I come across these 'crazy price' listings for all sorts of products. I believe that these are template listings and not actually available at present. (Although if anyone was daft enough to bid £999 the item may become available pretty quick)!
I don’t disagree that eBay should allow the creation and saving of templates for power sellers. In fact, it would help them do their job and produce more use-value for both eBay and for the buying community.
That said, eBay really should stress-test those listings as an internal audit for seller integrity and authenticity. In the first place, they would have to be community-flagged listings — flagged because they are complete outliers and suggest something sketchy on the dealer’s end.
This might, in fact, necessitate eBay to conduct random “buys” of those comically inflated products — to verify whether those sellers actually
do have the product on hand.
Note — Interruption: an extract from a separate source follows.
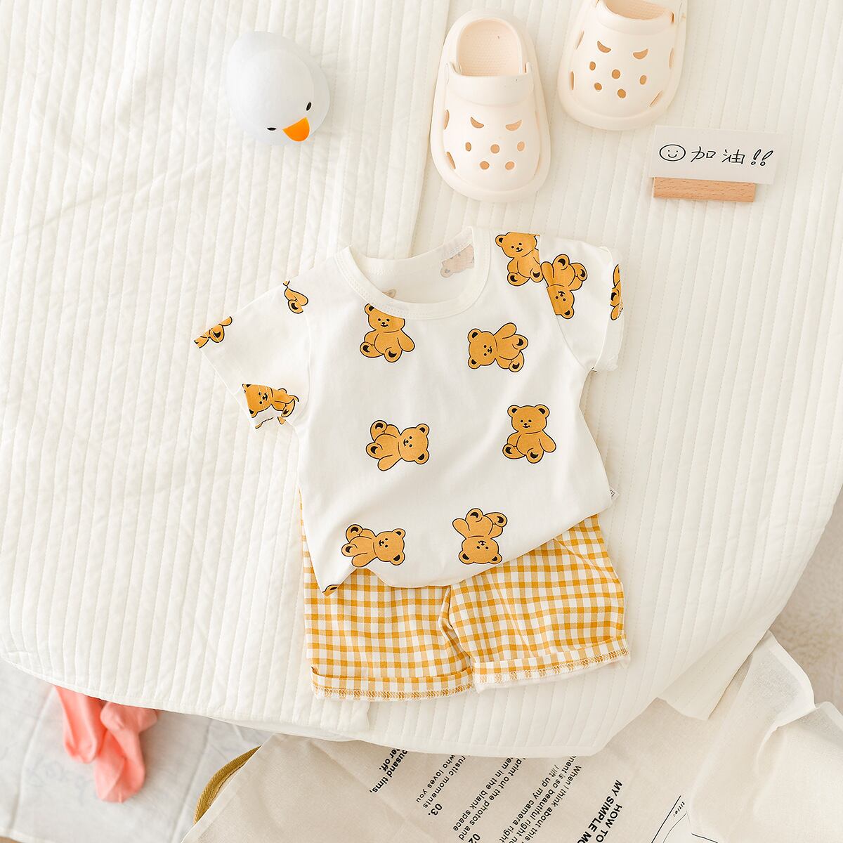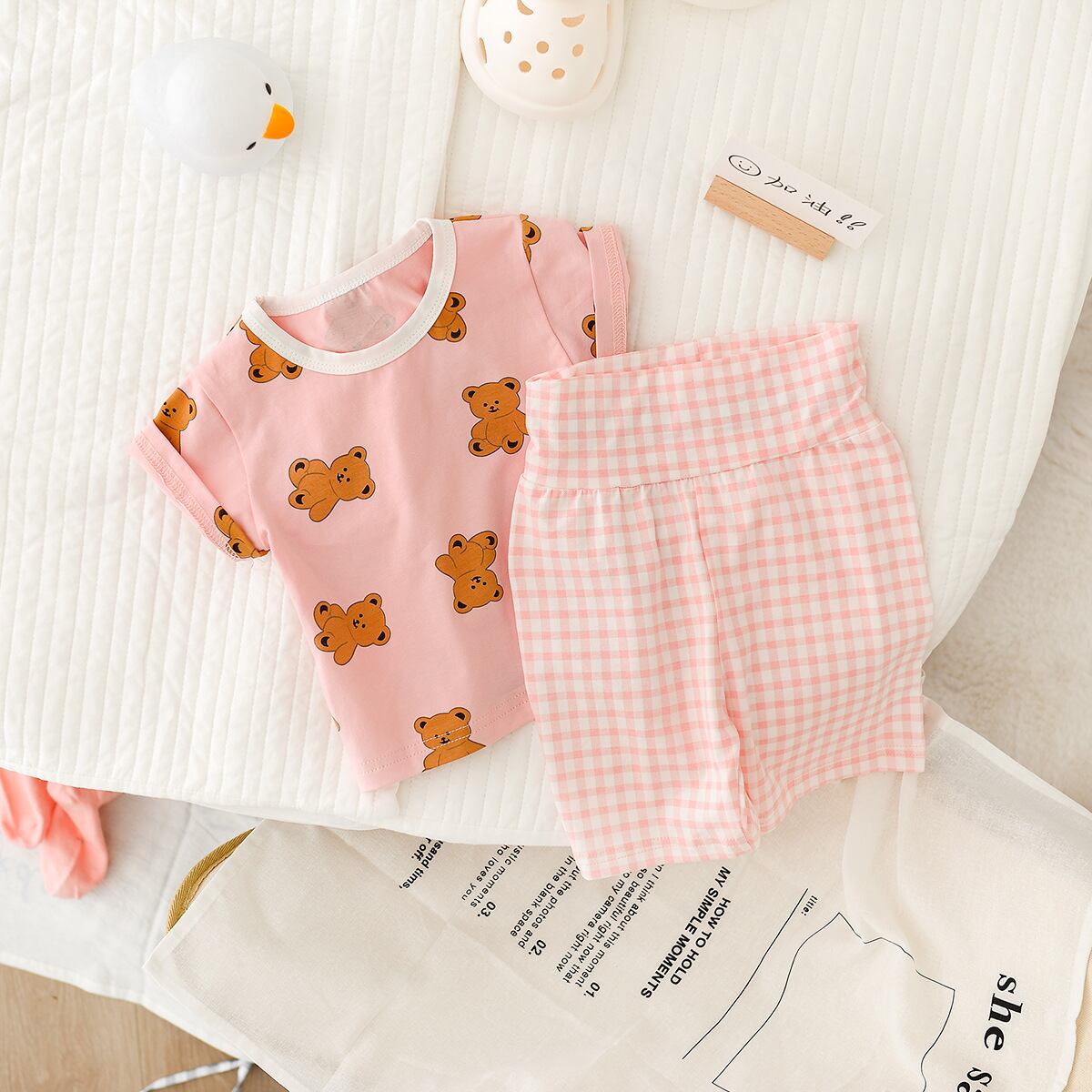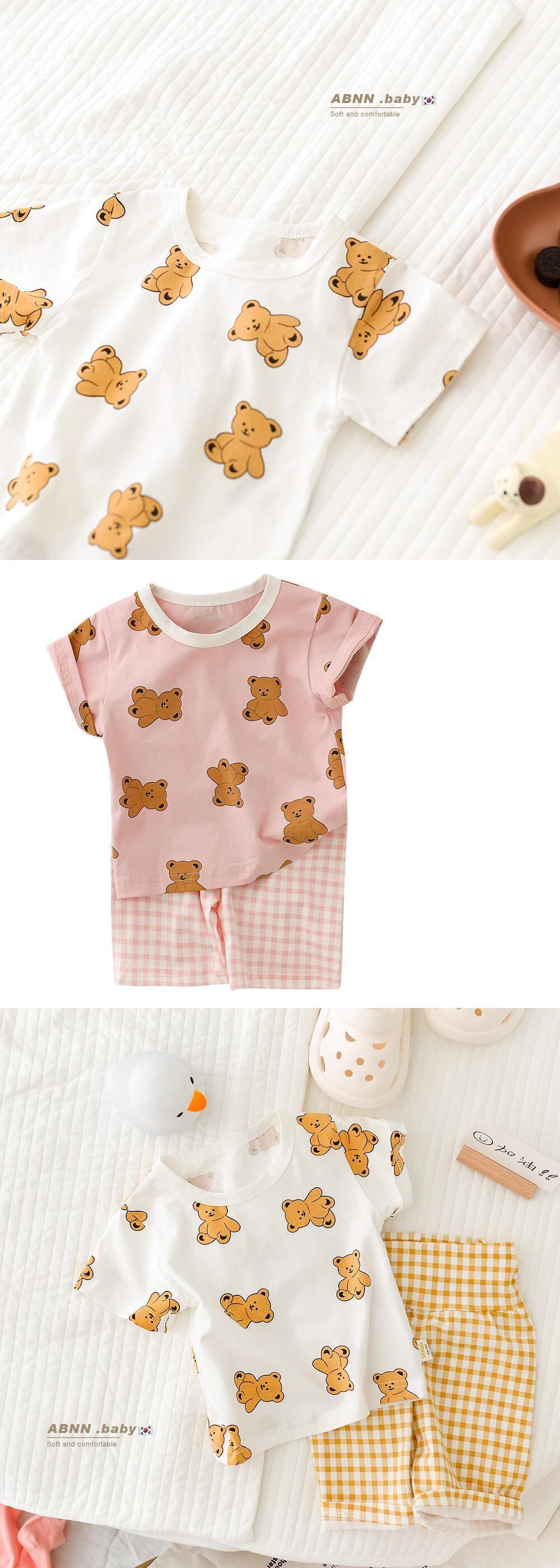 新作 2022 夏ベビーキッズスポーツ漫画クマ服セット男の子女の子セット s コットンベビー服 0-2Years

If yes, then eBay receives the product, then returns it to the seller, fully insured, to let the seller know they passed their audit, adding a new distinction to a seller’s profile as being “audit-approved” (next to the other distinguishing markers like stars, “longtime seller”, “power seller”, and so on).
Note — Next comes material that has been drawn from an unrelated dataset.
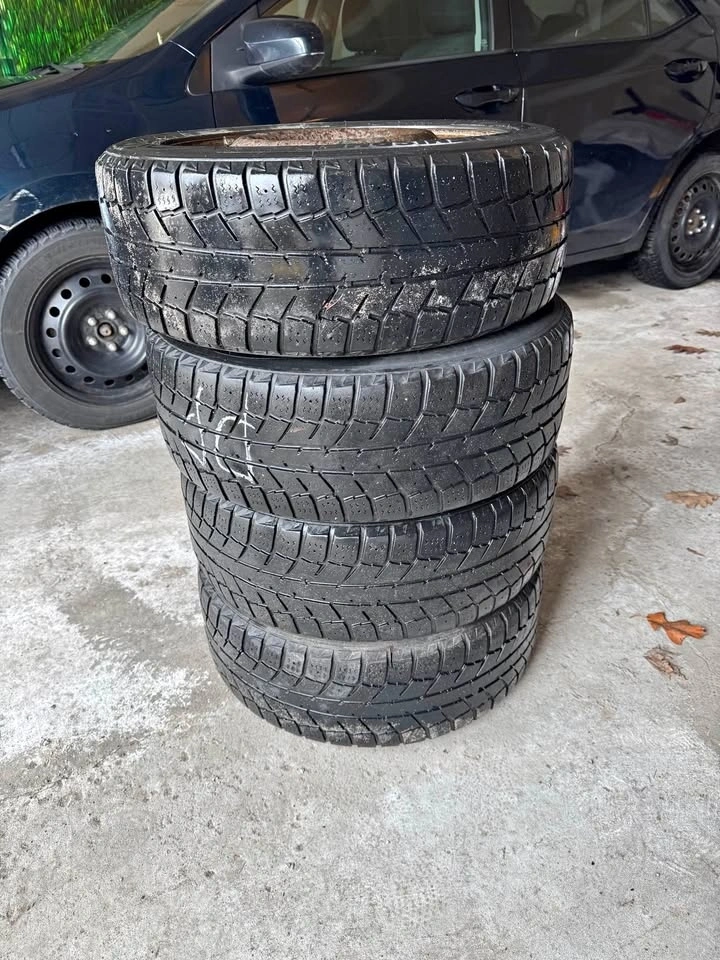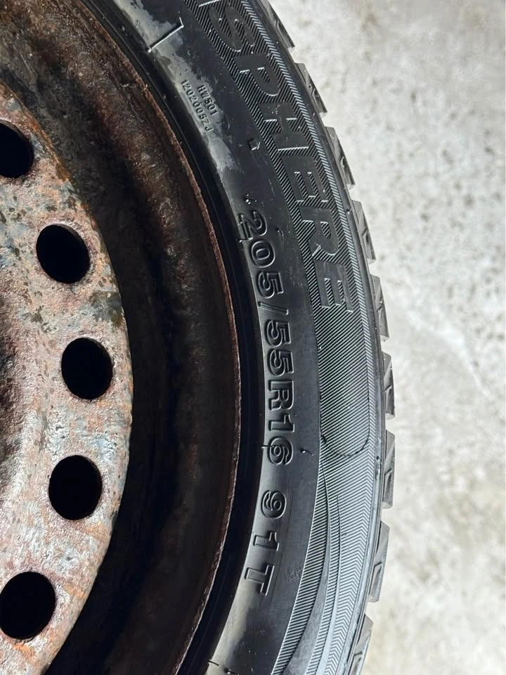 Selling a set of 205/55R16 winter tires mounted on steel rims.

If no, then eBay issues them a strike for deceptive listing practices and that gets slapped on in lieu of “audit-passed”. It wouldn’t mean the eBay seller’s “100 per cent” rating with buyer feedback is false, but it would give future buyers advance notice that the seller was unable to deliver on community-flagged products whose listing price looked (and was) extraordinary.
That audit system would probably see the end of many listings with posted absurd prices, falsely skewing the supply and demand picture for those products when they do come up for sale (when the product is on-hand).